PARIS, 23 juin 2009 (AFP) - Les éditorialistes de la presse quotidienne sont restés sur leur faim après le discours très attendu de Nicolas Sarkozy devant le Parlement réuni en Congrès à Versailles lundi.
Pour Erik Izraelewicz de La Tribune, le discours a été "plus solennel que substantiel" et annonce "un changement plus solennel que substantiel".
"Absent du Congrès depuis un siècle et demi, le chef de l’Etat y est revenu par la petite porte", écrit Jean-Francis Pécresse dans Les Echos. "La dimension limitée de ce discours présidentiel d’un genre nouveau est assumée" selon lui.
Dans Libération, Laurent Joffrin fait chorus : "La droite elle-même ne cachait pas sa déception. Un discours inattendu par son caractère...attendu.", note-t-il.
Nombreux sont ceux qui relèvent comme François Ernenwein dans La Croix que "le chef de l’État a égrené un véritable programme de gouvernement".
Rôle habituellement dévolu à celui que Patrick Apel-Muller dans L’Humanité décrit "sagement assis à son banc, le premier ministre qui, selon la Constitution, +conduit la politique de la France+, écoutait, un peu absent, les consignes qui tombaient de la bouche présidentielle."

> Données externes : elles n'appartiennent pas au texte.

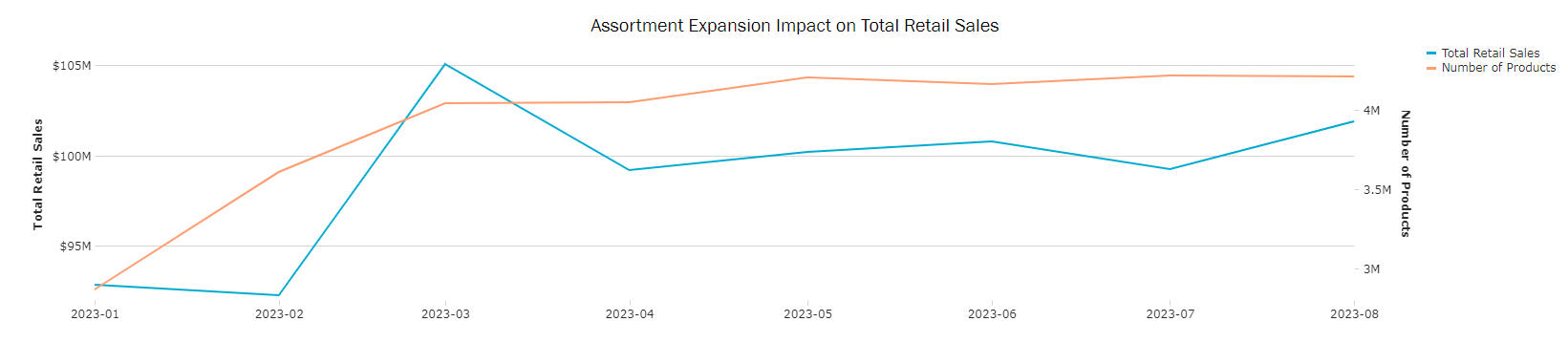 Track the impact of assortment expansion on total sales.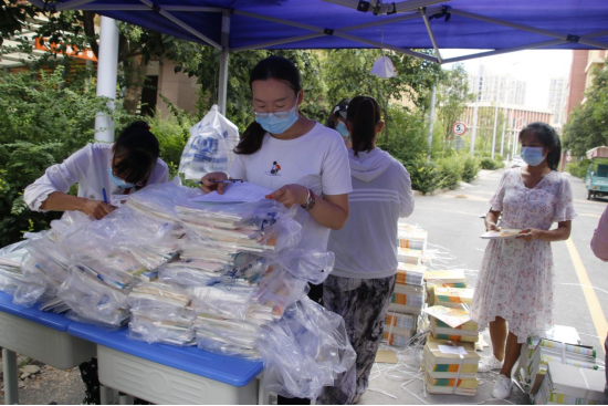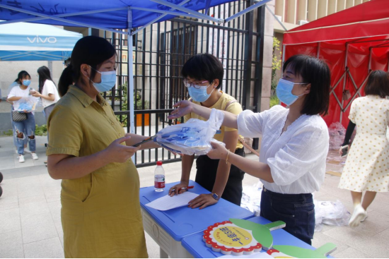 郑州市中牟县紫薇路小学:家校携手战疫情,别样发书暖人心时间:2021-08-27 线上教学是疫情防控期间对课堂教学最有效的延伸和弥补,为满足疫情防控期间“学生不返校 停课不停学”的学习需求,确保线上教学质量。2021年8月27日下午,郑州市中牟县紫薇路小学后勤处、政教处进行统筹组织,在各年级主任、班主任及综合组老师的共同配合下,高效、安全、有序地把新学期的课本发放到了学生手中。 为了保证课本发放工作安全有序的完成,后勤处、政教处制定了分批、错峰到校领取新课本的方案。班主任利用班级钉钉群、电话等途径发布领新书通知,并告知家长具体领书时段,叮嘱家长出门必须配戴口罩,路途注意交通安全,并要求做好疫情防护,领书时要自觉保持一米五的间隔距离排队等候,不聚集、不聊天,不停留,配合班主任老师做好一记一领,防止错发。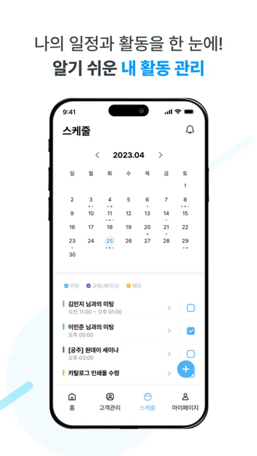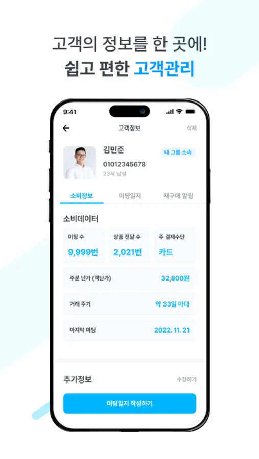 고객의 특징과 주요 만남, 거래내역과 재구매 알림까지!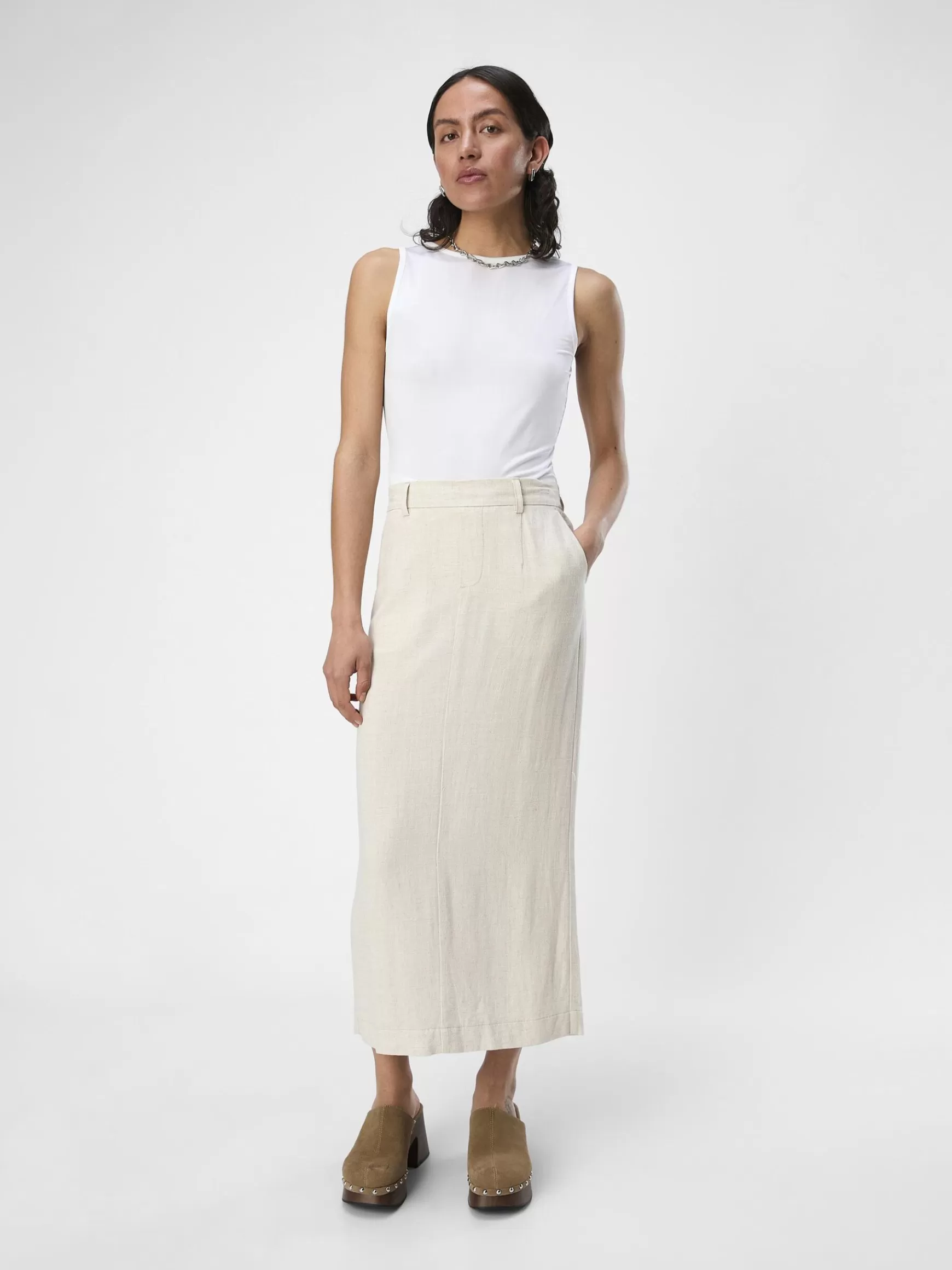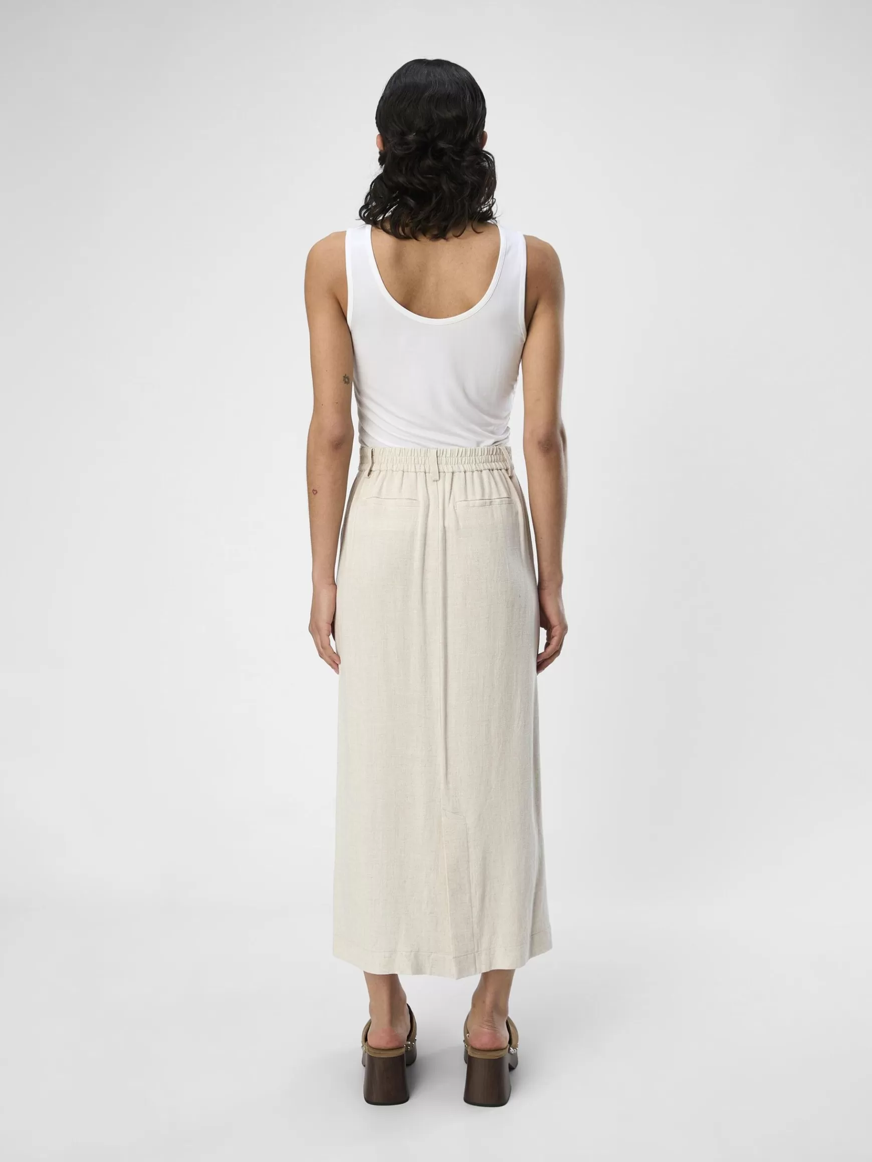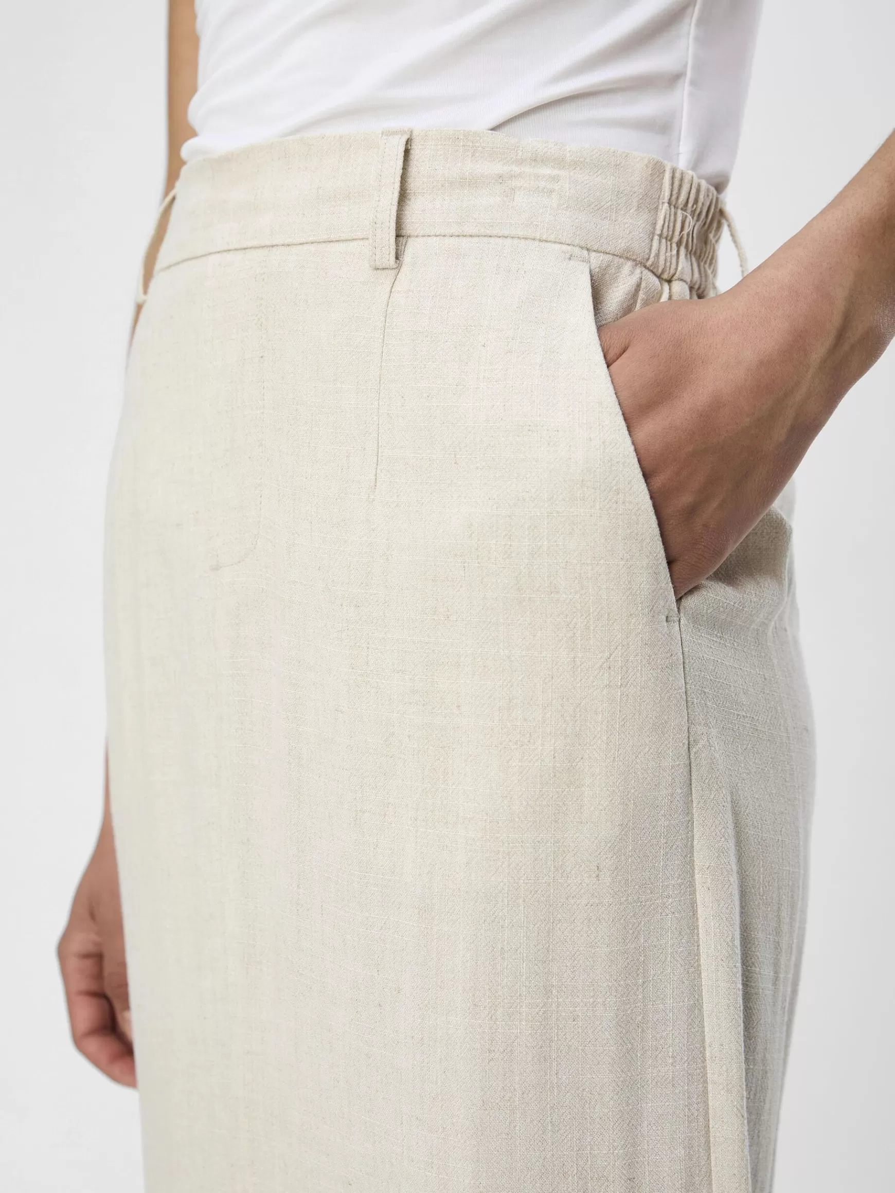-Lang pencilnederdel i hørblanding-En del af et matchende sæt-Elastisk mellemhøj talje-Med falsk gylp-Slidsdetalje bagpå-Bæltestropper-Sidelommer-Stolpelommer bagpå-Uforet-Regular fit-Lavet med mere ansvarlige materialer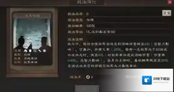 指挥战法,每回合使敌军全体受到的谋略伤害提高4%,并且有概率(每有一名敌军处于灼烧或水攻状态时提高4%)对敌方单体造成谋略伤害,当自身为主将时江天长焰的基础概率提升且谋略伤害将锁定敌方兵力最低武将。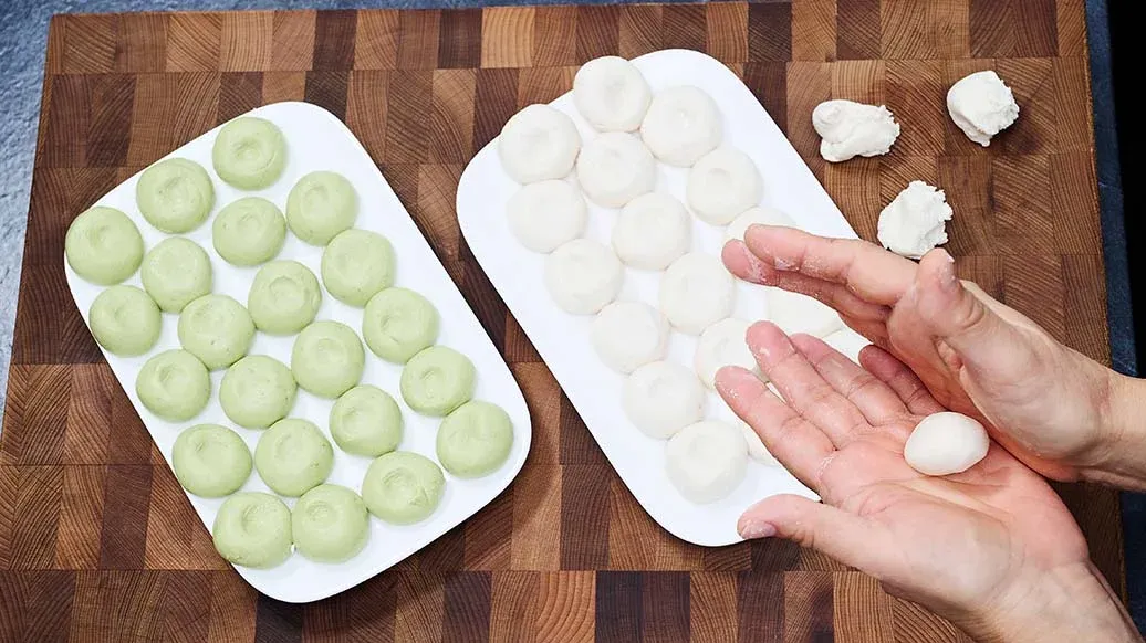 Mochis de té matcha con salsa de mango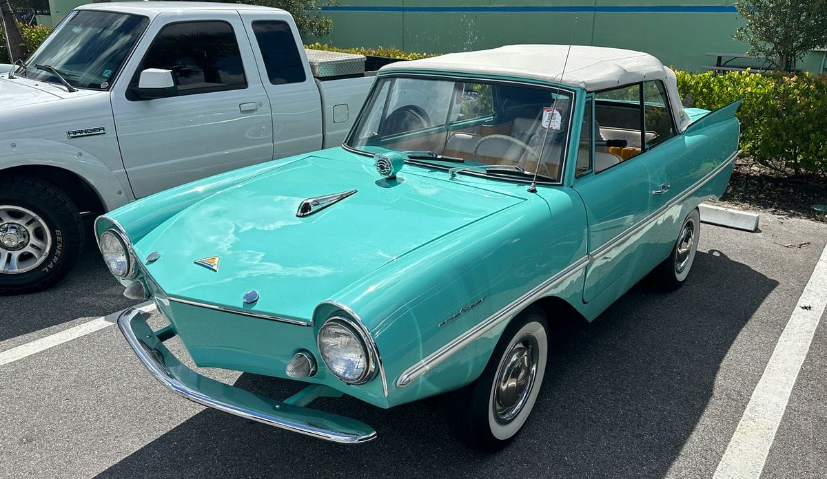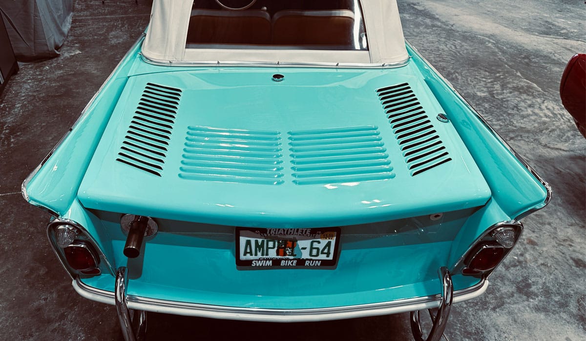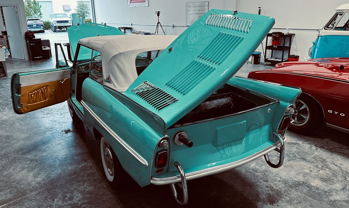 The first time I saw the car was in my good friend Gino’s Man Cave. Gino has a unique car collection and the Amphicar is one of the more unique cars in his collection. Under a car storage rack, I couldn’t really tell the true and accurate condition.

Jean-Marcel Bouguereau ironise dans La République des Pyrénées, "ce discours présidentiel était un discours de premier ministre. Ca tombe bien puisqu’il n’y a plus de Premier ministre !".
De son côté, dans Nord Eclair, Patrick Pépin affirme que "nous avons changé de république. Celle-ci s’apparente à un régime présidentiel à l’américaine, avec toutes les nuances monarchiques issues de notre histoire."
Michel Lépinay de Paris-Normandie se pose la même question que nombre de ses confrères : "tout ça pour ça ?", se demande-t-il estimant que "l’ensemble laissait un peu sur sa faim".
Les éditorialistes sont enclins à croire comme Philippe Palat du Midi Libre que Nicolas Sarkozy veut "enfin enfiler le costume de l’homme d’Etat d’envergure". Pour lui, le président souhaite "se débarrasser de son image d’+hyperactif tendance égocentrique en campagne permanente+" et devenir "celui qui propulse le pays vers des horizons nouveaux et universels. Vers 2012, surtout !" prédit-il.
"D’où vient alors cette étrange impression que le président a raté son coup ?" s’interroge Olivier Picard (Les Dernières Nouvelles d’Alsace), qui trouve qu’il "manquait du souffle, de l’imagination, de l’émotion."
Etienne Mougeotte est le seul dans Le Figaro à croire que "le discours de Versailles avait incontestablement du soufle" et pense même qu’on "aura de la peine à contester au chef de l’Etat une audace visionnaire et mobilisatrice".